Chain

Padlock Chain
A padlock without a chain is only useful if whatever you're securing is already fixed to something solid. For everything else — bikes, motorbikes, lawn equipment, generators, trailers, fuel tanks — the chain is what actually does the securing work. The padlock locks it. The chain determines whether it holds.
That's a distinction worth taking seriously before buying, because chain quality varies enormously and the difference isn't always obvious by looking at it. A lightweight chain will part under bolt cutters in seconds. Hardened steel chain — genuinely through-hardened, not surface-treated — resists cutting attack because the hardening runs through the full cross-section of the link. When a bolt cutter jaw meets a properly hardened link, it tends to skate off rather than bite through. That's the property that matters, and it's why chain spec should match or exceed the padlock it's used with.
The Squire Stronghold hardened alloy steel chain carries Sold Secure accreditation, which is the benchmark worth looking for if the chain is going on anything of real value. Sold Secure testing is independent and meaningful — it's the same standard that cycle and motorbike insurers often reference when they ask what security was in place. The Asec through-hardened chain in gold finish is a similar proposition: genuinely hardened throughout, available in multiple lengths, and built to be paired with a closed-shackle or straight-shackle padlock rather than a standard open-shackle model.

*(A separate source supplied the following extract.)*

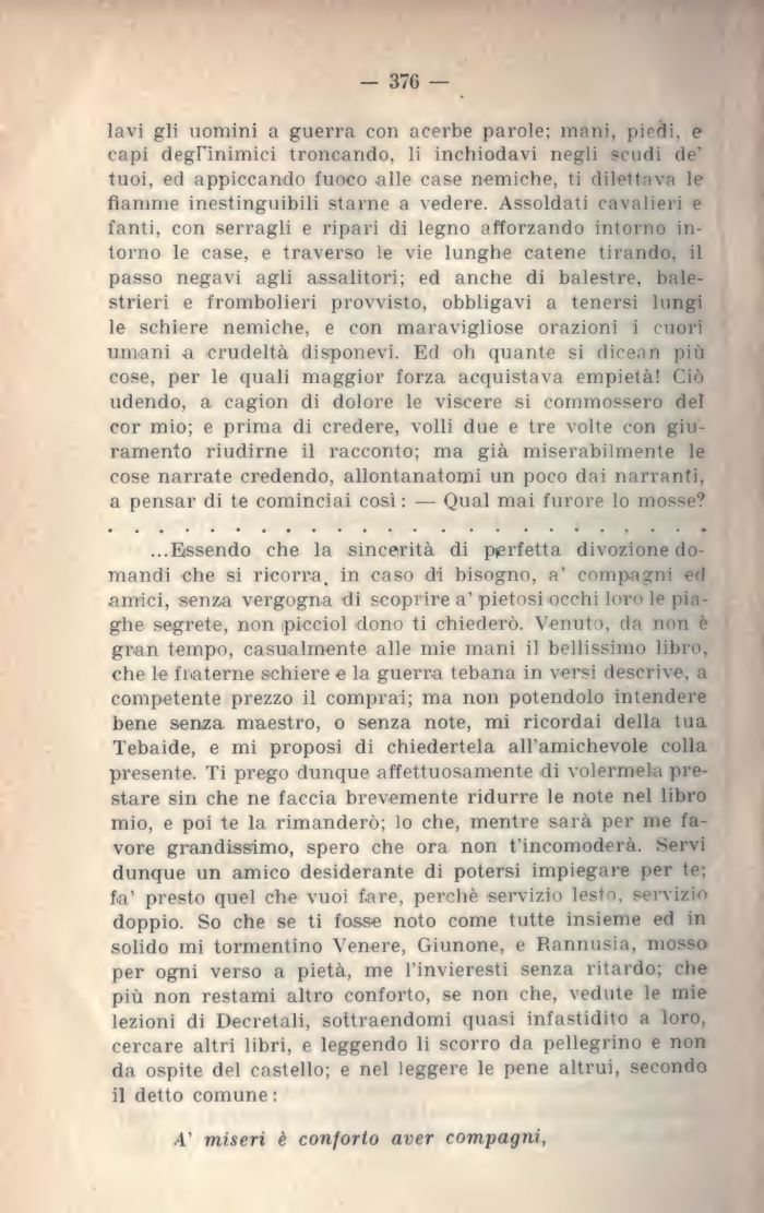 ...Essendo che la sincerità di perfetta divozione domandi che si ricorra, in caso di bisogno, a' compagni ed amici, senza vergogna di scoprire a' pietosi occhi loro le piaghe segrete, non ipicciol dono ti chiederò. Venuto, da non è gran tempo, casualmente alle mie mani il bellissimo libro, che le fraterne schiere e la guerra tebana in versi descrive, a competente prezzo il comprai; ma non potendolo intendere bene senza maestro, o senza note, mi ricordai della tua Tebaide, e mi proposi di chiedertela all'amichevole colla presente. Ti prego dunque affettuosamente di volermela prestare sin che ne faccia brevemente ridurre le note nel libro mio, e poi te la rimanderò; lo che, mentre sarà per me favore grandissimo, spero che ora non t'incomoderà. Servi dunque un amico desiderante di potersi impiegare per te; fa' presto quel che vuoi fare, perchè servizio lesto, servizio doppio. So che se ti fosse noto come tutte insieme ed in solido mi tormentino Venere, Giunone, e Rannusia, mosso per ogni verso a pietà, me l'invieresti senza ritardo; che più non restami altro conforto, se non che, vedute le mie lezioni di Decretali, sottraendomi quasi infastidito a loro, cercare altri libri, e leggendo li scorro da pellegrino e non da ospite del castello; e nel leggere le pene altrui, secondo il detto comune:

For lighter-duty applications — securing garden equipment, deterring opportunist theft from outbuildings, tethering equipment on a site where the risk is low — the Squire Stronglock and Toughlok chains offer hardened steel construction at a price point that makes sense for the application. They're honest products for honest threat levels, and knowing that distinction saves money in the right places without cutting corners where it matters.
The ABUS KS square link security chain is worth noting for anyone who needs to thread the chain through tight spaces or awkward fixing points — the square link profile stacks more compactly and is harder to grip with cutting tools than round links, which adds a layer of resistance that the link geometry alone contributes before the material even comes into play.
Chain length is the other variable that catches people out. Too short and it won't reach a ground anchor or fixed point without pulling taut; too long and the excess pools on the ground, giving a thief something to brace against when cutting. As a rule, the tighter you can keep the chain between the secured item and its anchor point, the harder it is to work on with tools.